We observe that the ball hangs at an angle of θ=18.0o from the vertical. what is the magnitude of the electric field.

Answer:

To answer this question, we need to use some concepts from electrostatics and trigonometry. First, we need to find the charge on the ball, which we can do by using the formula for the electric force between two point charges:

F=kr2q1q2

where k is the Coulomb’s constant, q1 and q2 are the charges, and r is the distance between them. In this case, we have:

F=kL2qQ

where q is the charge on the ball, Q is the charge on the rod, and L is the length of the string. We also know that the electric force is balanced by the tension in the string, which has a horizontal component equal to F and a vertical component equal to mg, where m is the mass of the ball and g is the acceleration due to gravity. Using trigonometry, we can write:

F=Tsinθ

mg=Tcosθ

where θ is the angle that the string makes with the vertical. Solving for T, we get:

T=cosθmg

Substituting this into the first equation, we get:

F=cosθmgsinθ

Simplifying, we get:

F=mgtanθ

Now we can solve for q, using the values given in the question:

q=kQFL2=kQmgL2tanθ

q=(9.0×109)(5.0×10−6)(0.050)(9.8)(0.50)2tan18.0∘

q=1.3×10−6C

Next, we need to find the electric field at the location of the ball, which we can do by using Gauss’s law for a sphere of charge1. Gauss’s law states that:

∮E⋅dA=ϵ0Qenc

where E is the electric field, dA is an infinitesimal area element on a closed surface, Qenc is the charge enclosed by the surface, and ϵ0 is the permittivity of free space.
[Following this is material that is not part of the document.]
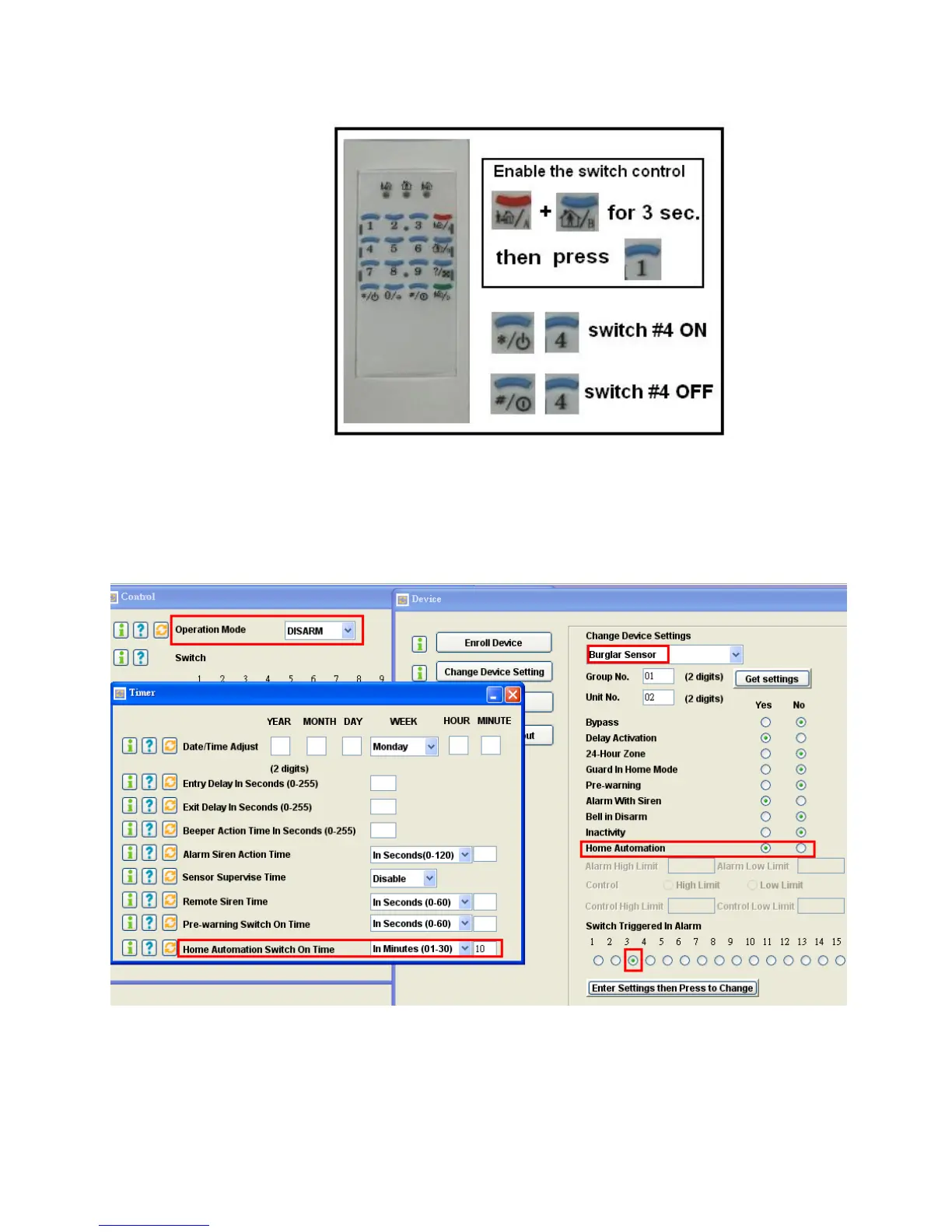 7.4, Automatic controlled by Burglar Sensors with “Home Automation=Yes” in Disarm Mode.

In this case, we can choose a spherical surface with radius r centered at the rod, which encloses both the rod and the ball. The electric field on this surface is radial and constant, so we can write:

E(4πr2)=ϵ0Q+q

where Q is the charge on the rod and q is the charge on the ball. Solving for E, we get:

E=4πϵ0r2Q+q

Now we can plug in the values given in the question:

E=4π(8.85×10−12)(0.50)2(5.0×10−6)+(1.3×10−6)

E=1.7×105N/C

Therefore, the magnitude of the electric field at the location of the ball is 170 kN/C.